Public Service Loan Forgiveness is a federal program many people rely on to have their student loan balances forgiven. Under the program, you can qualify for PSLF if you meet all of the following criteria:
- you have a direct loan
- work full-time in the public sector
- make 120 qualifying monthly payments under an income-driven repayment plan
Once you check off all of the requirements, your federal loans can be forgiven. And they’re forgiven tax-free.
2. What type of employment qualifies?
It’s not about the type of job you have; it’s about your employer. You must work for one of the following organizations to qualify:
- government organizations at any level (U.S. federal, state, local, or tribal)
- non-profit organizations that are tax-exempt under Section 501(c)(3)
- AmeriCorps or Peace Corps (as a full-time volunteer)
Unfortunately, you do not qualify for PSLF if you work for:
- labor unions
- partisan political organizations
- for-profit organizations, including for-profit government contractors
3. Do private loans qualify for PSLF?
Sadly, student loans from private lenders do not qualify for PSLF. Only Federal Direct Stafford Loans (subsidized and unsubsidized), Federal Direct PLUS Loans, and Federal Direct Consolidation Loans qualify.
And if you choose to consolidate your loans, only qualifying payments made on the new Direct Consolidation Loan are counted toward the 120 payments required for PSLF. Any payments made prior to the loan consolidation do not count.
4. How do I apply for PSLF?
There are two different scenarios when it comes to applying for Public Service Loan Forgiveness.
- You already made 120 qualifying payments. If this is you, you must complete the Public Service Loan Forgiveness: Application for Forgiveness to apply. Find the PSLF application and additional instructions at the Federal Student Aid
- You are working toward making 120 payments. If you are still actively working toward checking off your 120 payments, you must complete and submit the Public Service Loan Forgiveness: Employment Certification annually or when you switch employers.
5. Are the forgiven loans taxable?
Good news! Any qualifying loan money forgiven under PSLF is not considered income or taxed as such. You do not need to worry about paying any federal income tax on that money.
6. How did the CARES Act relief affect loans under PSLF?
In March, the CARES Act temporarily suspended all payments on U.S. Department of Education (ED) held federal student loans and the accrual of interest on those loans until Sept. 30, 2020. Recently, the president signed an executive order to extend that date to Dec. 31, 2020. The suspension is an automatic suspension, meaning if you have qualifying federal student loans, you do not have to do anything for the suspension to go into effect. You can, however, continue to make your regular payments if you desire.
When it comes to the PSLF program, even though the repayment of most federal loans is on hold, your ability to qualify for PSLF is not. How does that work exactly? Well, it’s quite simple. If you have a Direct Loan and continue to work full-time for a qualifying employer during the suspension period, you will continue to receive credit toward PSLF as if you made normal, on-time monthly payments.

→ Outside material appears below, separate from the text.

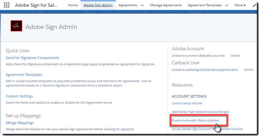 Salesforce is performing infrastructure upgrades which may result in the name of your Salesforce instance changing. If this occurs, you will need to refresh your auto update setup. To do this, go the Adobe Sign Admin page and select Enable Automatic Status Updates.

7. How does the suspension of my student loan payments affect my 2020 tax return?
The short answer? It really doesn’t. There is no penalty or last-minute payback system in place after the clock strikes midnight on Dec. 31, 2020. You shouldn’t expect to report anything different on your return than you normally do.
The only thing that likely will look slightly different is the amount of student loan interest you can deduct. Being the CARES Act reduced all interest rates on direct loans to 0% during the suspension period, your student loan interest deduction may be much smaller this year. Financially speaking, however, continuing to pay down your student loans during this time (if you can make it work) is a much better option for you than any tax benefit you’d get from writing off a greater amount of interest. That’s because any money you pay at this time goes directly toward paying down the principal amount on your loan rather than being divided between that and your interest balance.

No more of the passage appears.